9. The main contention urged by the learned counsel for the Distribution Company, the Appellant in Appeal No. 119 of 2009 is that the State Commission having initiated the proceedings under Section 142 and having found that there was a violation, it ought to have imposed some punishment on the Aryan Plant and as this was not done, the impugned order is illegal. This contention in our view does not merit acceptance for the following reasons:-

It is the judicial discretion of the State Commission whether to impose such punishment as it considers appropriate against Aryan Plant Company, even when there was any violation. In other words, it is up to the State Commission to decide whether at all to impose any punishment even when it is found that there was such violation. If the State Commission considers that the same was not required in the circumstances and facts of the case, it may not impose punishment. As a matter of fact, the expression used in Section 142 is only ‘May’ and not ‘shall’. So it is not mandatory on the part of the State Commission to impose any punishment, even though there was violation.

10. The main prayer made by the Aryan Plant Company in Petition No. 11 of 2008 before the State Commission is for seeking permission to Aryan Plant to continue to supply power to its own coal washeries against payment of cross subsidy charges to the Distribution Company. Therefore, the question arises as to whether the Aryan Plant Company is entitled to supply power to its own coal washeries through its own dedicated transmission line on payment of cross subsidy charges even without obtaining open access.

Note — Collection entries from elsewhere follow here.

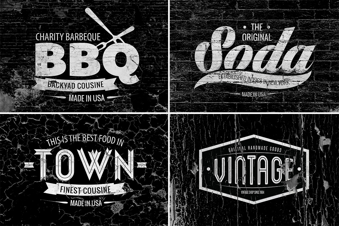 With this kit you can create retro look like ads. You can also use it for logos, signs and badges. Very easy to use via smart objects and colors selectors.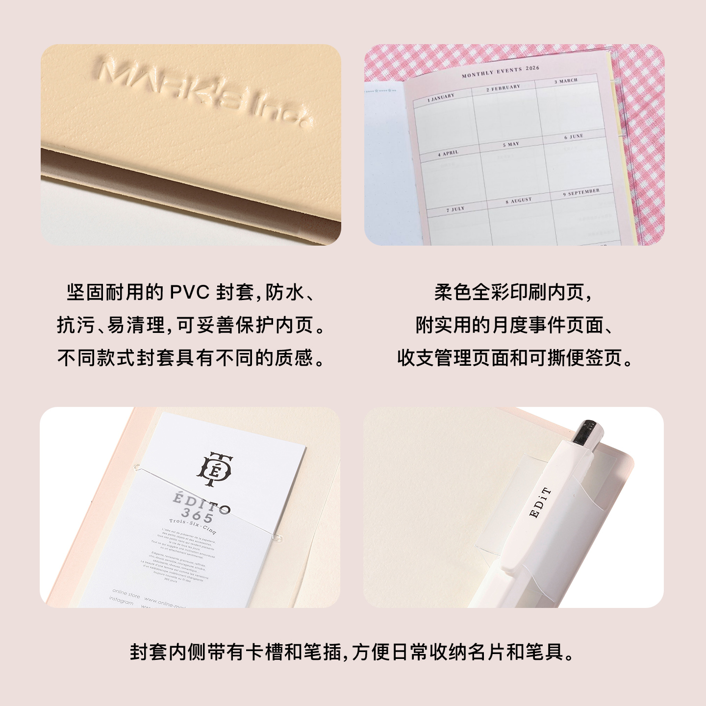 【2026年】日本MARK'S马蛇生肖接力印花封面记账功能月计划彩色内页手帐B6笔记本家用PVC封皮自研手帐纸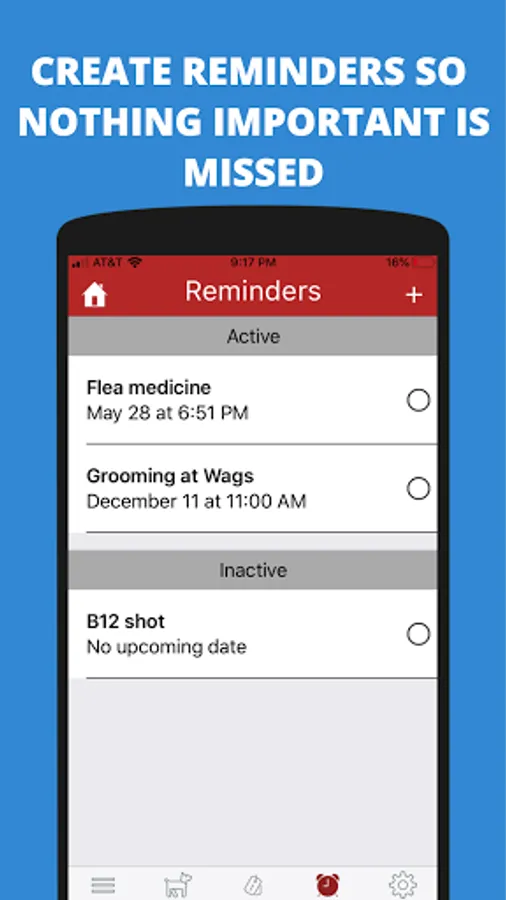 5. Create reminders and alerts so you never forget to take care of your pet.

11. Under the Electricity Act, 2003 both the generating company and captive power plant are entitled to supply electricity to others. The sale of electricity by captive power plant and the generating company to the end users is also permitted. This is specifically provided under Section 9 and 10 of the Electricity Act, 2003, which are reproduced below:-

“9. Captive Generation - (1) Notwithstanding anything contained in this Act, a person may construct, maintain or operate a captive generating plant and dedicated transmission lines;

Provided that the supply of electricity from the captive generating plant through the grid shall be regulated in the same manner as the generating station of a generating company.

(2) Every person, who has constructed a captive generating plant and maintains and operates such plant, shall have the right to open access for the purposes of carrying electricity from his captive generating plant to the destination of his use;

Provided that such open access shall be subject to availability of transmission facility shall be the Central Transmission Utility or the State Transmission Utility, as the case may be;

Provided further that any dispute regarding the availability of transmission facility shall be adjudicated upon by the Appropriate Commission”.

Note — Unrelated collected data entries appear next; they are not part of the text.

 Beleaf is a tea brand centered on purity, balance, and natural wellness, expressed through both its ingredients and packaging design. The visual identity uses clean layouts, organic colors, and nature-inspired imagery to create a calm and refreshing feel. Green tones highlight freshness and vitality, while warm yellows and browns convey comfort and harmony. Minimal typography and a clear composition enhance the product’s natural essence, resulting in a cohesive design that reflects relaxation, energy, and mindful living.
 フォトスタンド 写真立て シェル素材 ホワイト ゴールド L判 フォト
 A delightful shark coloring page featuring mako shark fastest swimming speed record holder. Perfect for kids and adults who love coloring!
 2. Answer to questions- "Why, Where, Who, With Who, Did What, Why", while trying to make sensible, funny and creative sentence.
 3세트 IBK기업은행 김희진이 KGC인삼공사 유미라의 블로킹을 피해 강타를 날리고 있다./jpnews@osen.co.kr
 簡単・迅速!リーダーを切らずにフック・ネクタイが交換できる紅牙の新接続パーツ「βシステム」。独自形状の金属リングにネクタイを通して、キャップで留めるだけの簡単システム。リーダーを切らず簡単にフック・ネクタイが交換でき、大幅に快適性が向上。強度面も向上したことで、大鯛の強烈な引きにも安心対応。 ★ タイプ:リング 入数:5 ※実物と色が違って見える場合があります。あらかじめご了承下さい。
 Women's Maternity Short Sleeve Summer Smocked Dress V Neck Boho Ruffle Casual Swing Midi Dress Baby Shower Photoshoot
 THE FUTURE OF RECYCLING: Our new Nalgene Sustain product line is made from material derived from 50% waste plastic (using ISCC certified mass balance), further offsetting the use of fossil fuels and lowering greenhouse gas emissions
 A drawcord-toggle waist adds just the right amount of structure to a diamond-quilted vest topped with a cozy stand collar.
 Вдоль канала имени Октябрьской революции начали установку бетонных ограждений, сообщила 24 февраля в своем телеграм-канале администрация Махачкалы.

“10. Duties of generating companies:- (1) Subject to the provisions of this Act, the duties of a generating company shall be to establish, operate and maintain generating stations, tie-lines, sub-stations and dedicated transmission lines connected therewith in accordance with a the provisions of this Act or the rules or regulations made thereunder.

(2) A generating company may supply electricity to any licensee in accordance with this Act and the rules and regulations made thereunder and may, subject to the regulations made under sub-section (2) of Section 42., supply electricity to any consumer.

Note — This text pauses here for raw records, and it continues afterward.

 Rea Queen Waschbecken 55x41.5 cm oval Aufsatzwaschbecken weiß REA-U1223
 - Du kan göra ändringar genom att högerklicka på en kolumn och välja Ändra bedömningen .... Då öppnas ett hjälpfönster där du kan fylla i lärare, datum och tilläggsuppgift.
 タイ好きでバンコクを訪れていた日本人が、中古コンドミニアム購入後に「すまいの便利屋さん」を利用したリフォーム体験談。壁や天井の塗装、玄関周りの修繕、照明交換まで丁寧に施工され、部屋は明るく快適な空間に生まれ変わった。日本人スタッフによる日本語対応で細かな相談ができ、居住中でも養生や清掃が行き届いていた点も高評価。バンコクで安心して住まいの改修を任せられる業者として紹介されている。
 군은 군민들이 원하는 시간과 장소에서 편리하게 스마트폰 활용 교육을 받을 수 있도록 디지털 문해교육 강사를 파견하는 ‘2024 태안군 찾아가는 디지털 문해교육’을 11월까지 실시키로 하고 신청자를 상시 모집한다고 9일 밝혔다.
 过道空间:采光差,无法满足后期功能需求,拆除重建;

(3) Every generating company shall-

(a) submit technical details regarding its generating stations to the Appropriate Commission and the Authority.

(b) co-ordinate with the Central Transmission Utility or the State Transmission Utility, as the case may be, for transmission of the electricity generated by it.

12. The perusal of these Sections would make it clear that the first and 2nd proviso to Section 9 when it is read together would clearly envisage for the supply of electricity generated to any consumer subject to regulations made under sub-section 2 of Section 42. Similarly, subs-section 2 of Section 10 also would envisage for the supply of electricity by a generating company to a consumer by a generating company to any licensee in accordance with this Act and the rules and regulations made thereunder and subject to the regulations made under sub-section (2) of Section 42. While the proviso to section 9 uses the expression “the supply of electricity by generating plant through the grid”, there is no such qualification provided for in sub-section 2 of section 10. Thus, these sections would make it evident that it is open to the generating company as well as captive plant to supply electricity to end users.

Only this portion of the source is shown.